I couldn’t convince myself it could have been like that. They must have the wrong man. Strange coincidences, of course—that he happened to have the room card, that Achille happened to notice him, that the police caught up with him—but coincidences happen every day.

So, if Ivo didn’t kill Meg, who did? The most obvious second choice would be Beth. She called the front desk, it was her knife, and she was already mad at Meg. But that pot of flowers, no matter how insulting, would hardly be a motive for murder. Beth had had years of practice putting up with Meg. Sometimes, though, a person takes it and takes it for years, and then something happens. They snap. Or do they, really? I know children and teenagers do. They “go postal,” as the kids say. But adults have better-developed pressure gauges, don’t they? I tend to be skeptical of those defendants who claim they don’t know what happened—a gun just came into their hand and went off. I don’t believe people black out and weapons take that opportunity to animate themselves.

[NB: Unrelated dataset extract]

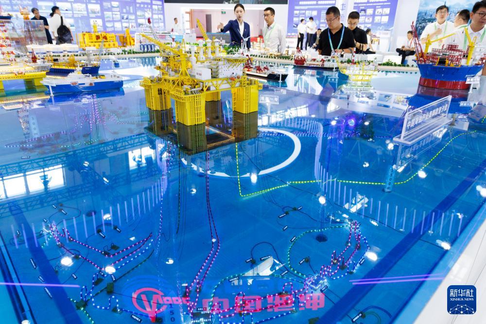 7月16日在清潔能源鏈展區(qū)拍攝的中國(guó)海油產(chǎn)業(yè)集群數(shù)智沙盤(pán)。

At any rate, I decided I would not voice any of these thoughts to Lettie. Not yet. I needed to look again at the list I had made before dinner. I had the seeds of a couple of ideas—things I wanted to look into. The historian in me loves to uncover things, and the mother in me hates to be lied to, or maybe it’s the “ex-wife of Chet Lamb” in me that refuses to be lied to again.

I pushed my face into the pillow and tried to relax. The big problem was the fact that this was a fourteen day trip; that’s all we had paid for, and it’s all the time most of us had taken off from work. We had already used up four days. In ten days we would leave Italy with the murderer still in our midst and an innocent Ivo facing a trial that might well be stacked against him.

Alternatively, the carabinieri might come to their senses and realize they had the wrong person. Then what? Once we left the country, the investigation would grind to a halt. It would be nearly impossible to follow thin threads of evidence across the ocean, and it would undoubtedly raise huge problems about jurisdiction, extradition—it made my head hurt to think about it.

So, they might rush to judgment and grab the second most obvious suspect, Beth. Lettie had already told me, in no uncertain terms, that Beth could not possibly have killed her sister—that was unthinkable. But I, having only met Beth three days ago, could not be so sure. If Beth was guilty, she deserved whatever she got because even though she had had ample reason to loathe Meg, she was an adult, and she knew she had other options. She hadn’t had to live under Meg’s thumb. But if she was innocent, would we, ten days hence, leave her at the mercy of the Italian authorities? I’d heard stories about foreign jails. Neither Lettie nor I could possibly let that happen, and yet what could we do about it?

I couldn’t allow an innocent man to go to prison, probably for life, and I couldn’t allow a guilty Beth to go home on the same plane with me. I couldn’t allow an innocent Beth to be thrown to the vagaries of a court system whose language she didn’t even understand, and go home on the plane with the real killer. Lettie loved Beth like a sister, and Lettie was like a sister to me, so I reluctantly accepted the only course left. I wouldn’t leave Italy until I knew who really killed Meg Bauer.